Tantrum, hissy fit, meltdown… no matter what you call it, Wall Street had a very emotional reaction to the Trump 2.0 tariffs over the past few months.
The month of March capped off the worst month and worst quarter for the S&P 500 and NASDAQ since 2022. In the first quarter, the S&P 500 dropped 4.6%, while the NASDAQ plunged 10.4%. The Dow had a more muted fall, with a 1.3% decline in the first three months of the year.
Remember, the stock market is a manic crowd – it tends to react first and think later. So, the recent stock market correction was a gross overreaction to the Trump 2.0 tariffs and inflation fears.
I’ve actually been tracking the hysterical stories about how tariffs will cause inflation, and what I discovered is that the vast majority are from foreign sources. So, in today’s Market 360, we’re going to separate fact from fiction, and I’ll set the record straight about tariffs, inflation and slowing global growth. I’ll also share the stocks you can invest in confidently in this volatile market… and where you can find them.
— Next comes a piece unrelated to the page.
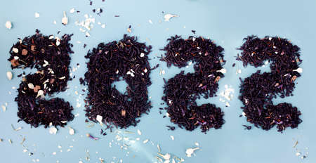 2022. Numbers Tea leaves 2022 on light blue background. Flat lay, top view.

Separating Fact From Fiction
Fact: The Trump 2.0 tariffs are meant to level the playing field.
President Trump has dubbed April 2 as “Liberation Day,” as reciprocal tariffs will be implemented to equalize U.S. tariffs. President Trump stated, “What they charge us, we charge them.”
The objective of the tariffs is to punish nations that have been serial abusers of using tariffs to protect their domestic industries and/or circumvent U.S. tariffs by using Mexico for subassembly. While President Trump did say on Sunday that the administration “would start with all countries,” he also noted that he “may give a lot of countries breaks.”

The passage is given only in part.